Bu nedenle Genelkurmay’ın kalbi durumundaki, Harekât ve İstihbarat Başkanı sıfatını taşıyan korgeneraller Hasdal Cezaevi’nde. O nedenle 30 Ağustos’a kadar Ege Ordusu Komutanı olan ve şu anda da Yüksek Askeri Şûra Üyesi olan Orgeneral Nusret Taşdelen tutuklanma riski ile karşı karşıya.
Çok daha önemli bir isim, eski Genelkurmay Başkanı emekli Orgeneral İlker Başbuğ her an ifade için savcılığa çağrılabilir.
Askerler hakkında peş peşe gelen bu davalar (Ergenekon, Kafes, Balyoz, Andıç vb.), suçlamalar, emekli ve muvazzaf komutanların tutuklanmaları, hiç kuşku yok ki TSK için ciddi bir üzüntü kaynağı olduğu kadar ciddi bir zafiyet de...
En önemlisi bu sürecin çok uzun sürmesi, üç yılı aşması.
Neden bu kadar uzatılıp, yaygınlaştırıldı? Hükümet bu sürecin TSK’nın itibarını, gücünü, moralini etkileyeceğini hiç hesaba katmadı mı? Niye buna karşı bir önlem alınmadı? Yoksa kasten mi böyle bir yol izlendi?
“KENDİ İÇİNİZİ TEMİZLEYİN”
Bu soruları bir süre önce sohbet ettiğimiz bu dönemin çok etkili siyasi isimlerinden birine sormuştum.
Şu yanıtı vermişti:
- “Bu olumsuz etkilerin olabileceği başından itibaren düşünüldü. Gelinen bu nokta elbette Başbakanımızı, hükümeti de çok üzüyor. Ama yapacak bir şey yok. Hukukun gereği yapılıyor.
İlla böyle mi yapılması gerekirdi diyorsanız böyle olmayabilirdi.
Olmaması için çaba sarfedildiğini biliyorum. Daha bu işin başında komutanlarla konuşuldu. O çok sert tepkileri açıkladıkları günlerde konuşuldu hem de...”
Nasıl konuşuldu?
- “Denildi ki, bakın çok yanlış, vahim işler olmuş. Kurduğunuz veya kurdurduğunuz o internet sitelerindeki yalan yanlış haberlerle bizim partimiz hakkında kapatma davası açtırdınız. Bunları kabul edin, bu yanlışları siz kendiniz temizleyin. Kendiniz açıklayın, ‘şunlar şunlar yanlış yapılmış, hukuk dışına çıkılmış’ deyin. Kendi içinizde soruşturma başlatın, sorumluları belirleyip siz yargıya sevk edin, bu güzide kurumumuzu yıpratmadan, suçlu varsa onları siz yargıya teslim edin...

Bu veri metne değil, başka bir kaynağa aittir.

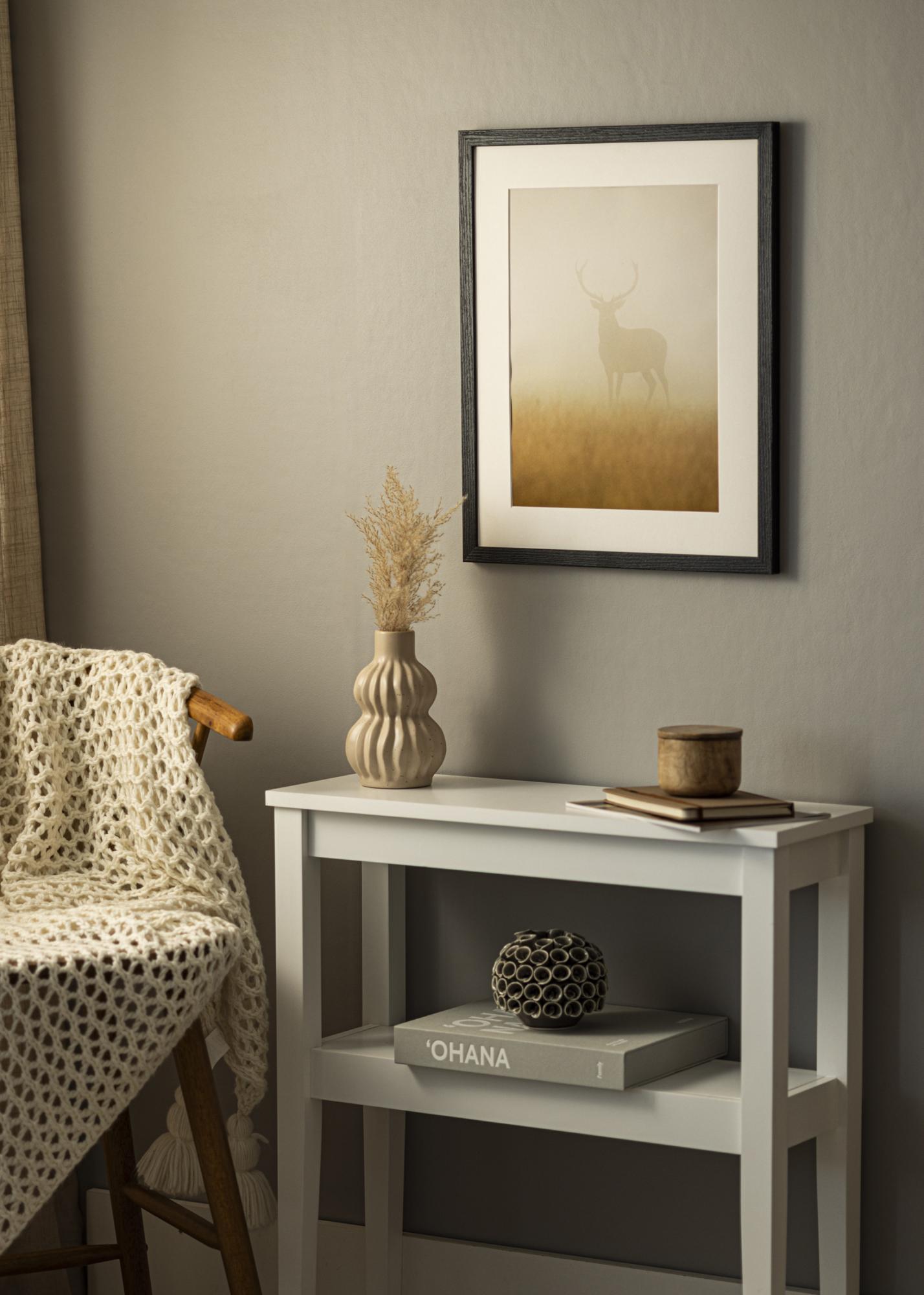 Devon Черен има рамка с ширина 20 мм и дълбочина 20 мм, което осигурява стабилно и здраво рамкиране. Изработена от аьос дърво, тази рамка за картини е едновременно издържлива и естетически привлекателна. Всяка рамка се създава в нашата собствена рамкова работилница, което гарантира високо качество и прецизност във всеки детайл.

Bütün bunların çok fazlası en üst seviyede kendilerine söylendi, anlatıldı. Ama yapmadılar, hep inkâr ettiler!”
Kime söylenmişti, İlker Başbuğ’a mı?
- “Ona da söylendi, başkalarına da. Tahmin ediyorum 2007 baharındaki meşhur Dolmabahçe görüşmesinde Tayyip Bey Yaşar Büyükanıt‘a da söylemiştir bunları...
Nedense yapamadılar, göremediler. Sonuçta da savcılar çok daha vahim şeyleri bulup ortaya çıkardılar. Keşke kendi içlerinde sağlıklı bir soruşturma, aklanma faaliyetine girebilselerdi. O zaman itibarı daha da artardı TSK’nın...”
Bugün düşünüldüğünde çok makul sayılabilecek bu öneriyi acaba niye dikkate almadılar?